§ **Work order**: Pictures are to be dropped. Everything else in the listing gets copied exactly.

§ **Data segment**:

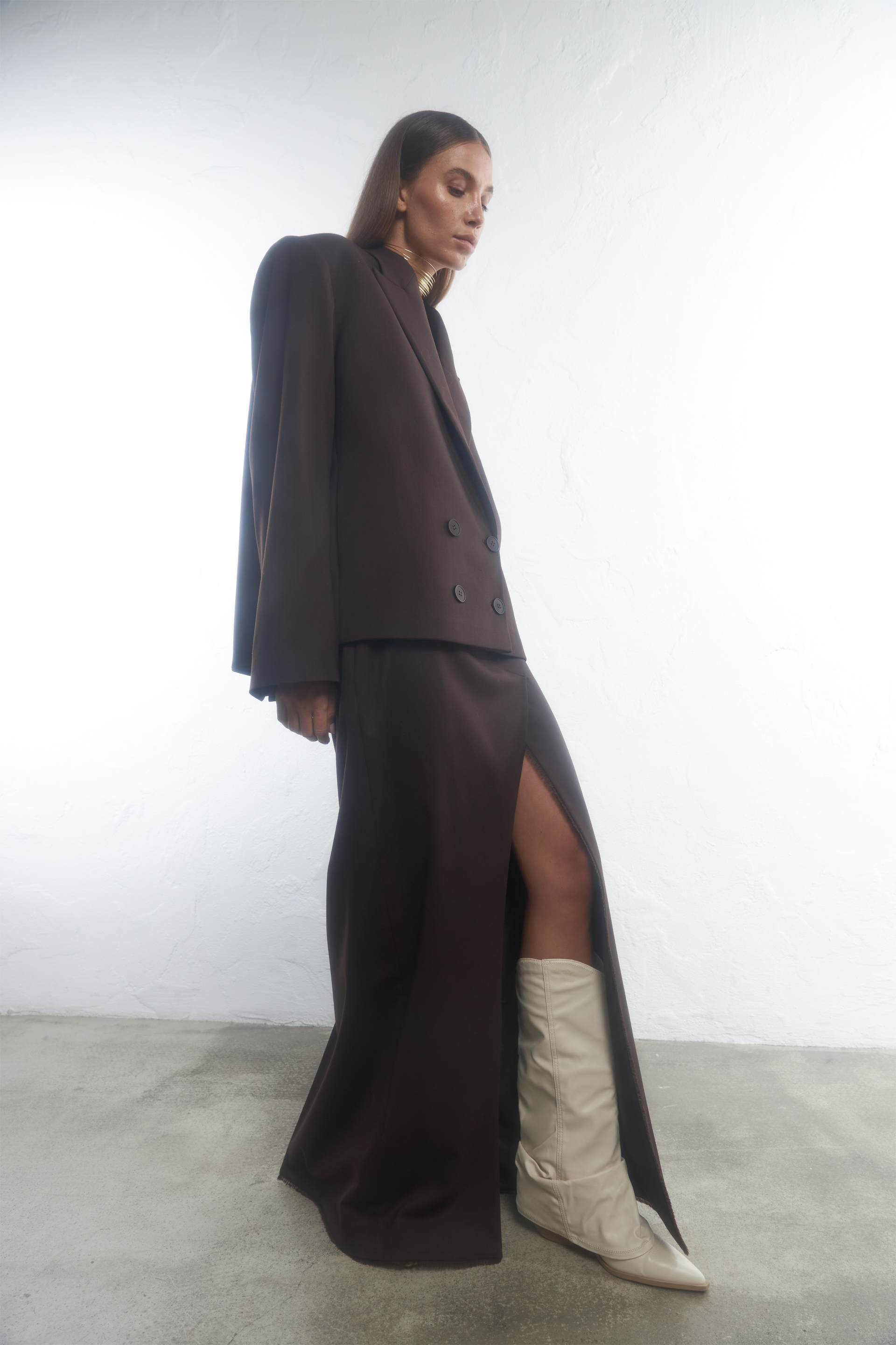 Модель на фото , одягнена у розмір: M/L, її параметри: Зріст 177 см, груди 86 см, талія 65 см, стегна 91 см.
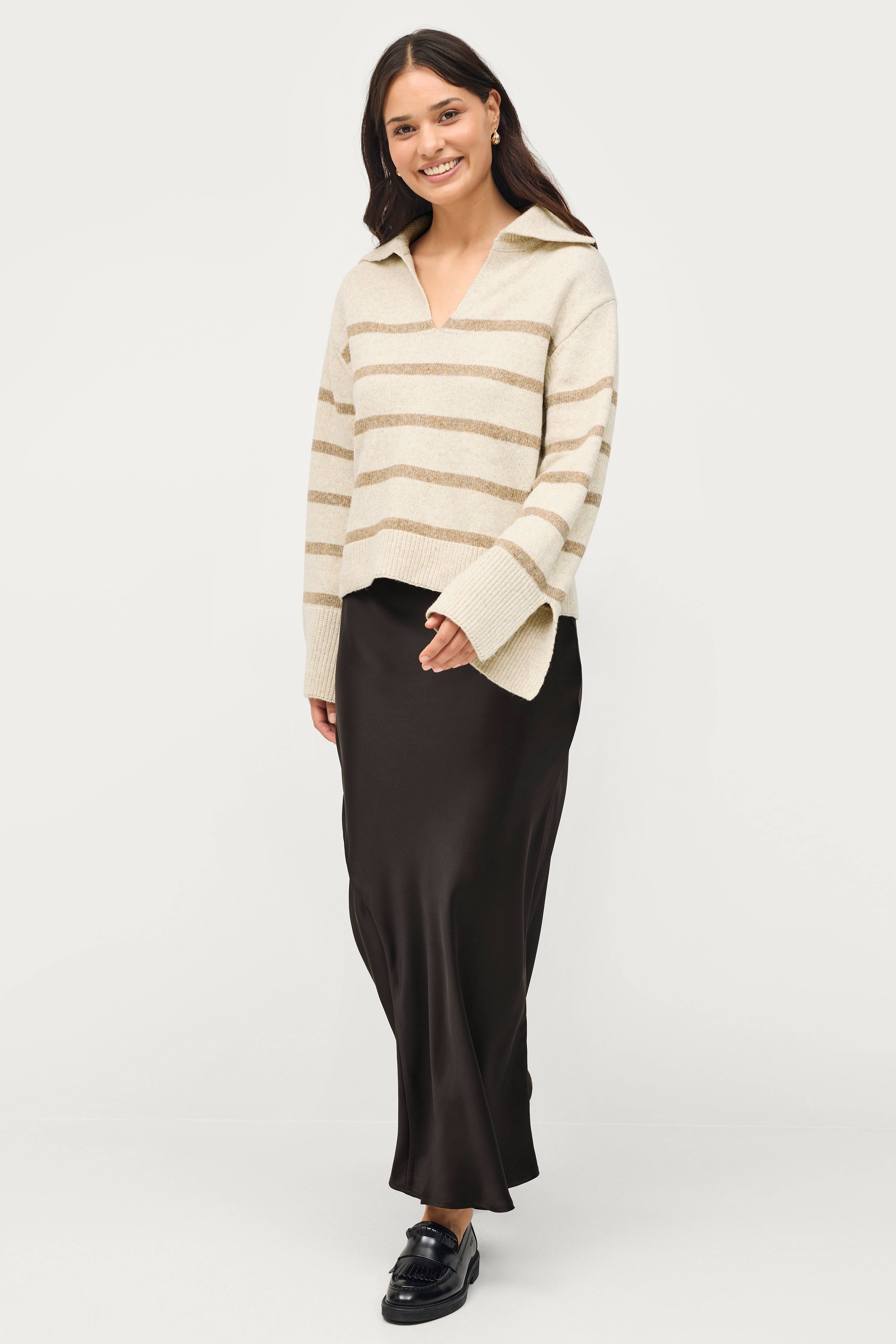 • Lång, utsvängd modell i satin• Invändig resår upptill• Längd: 113 cm i storlek 36
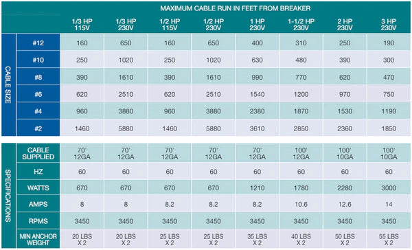 | 1/2 HP 115V | 10 | 670 |

§ **Response to the exercise**:
 Модель на фото , одягнена у розмір: M/L, її параметри: Зріст 177 см, груди 86 см, талія 65 см, стегна 91 см.
 • Lång, utsvängd modell i satin• Invändig resår upptill• Längd: 113 cm i storlek 36
 | 1/2 HP 115V | 10 | 670 |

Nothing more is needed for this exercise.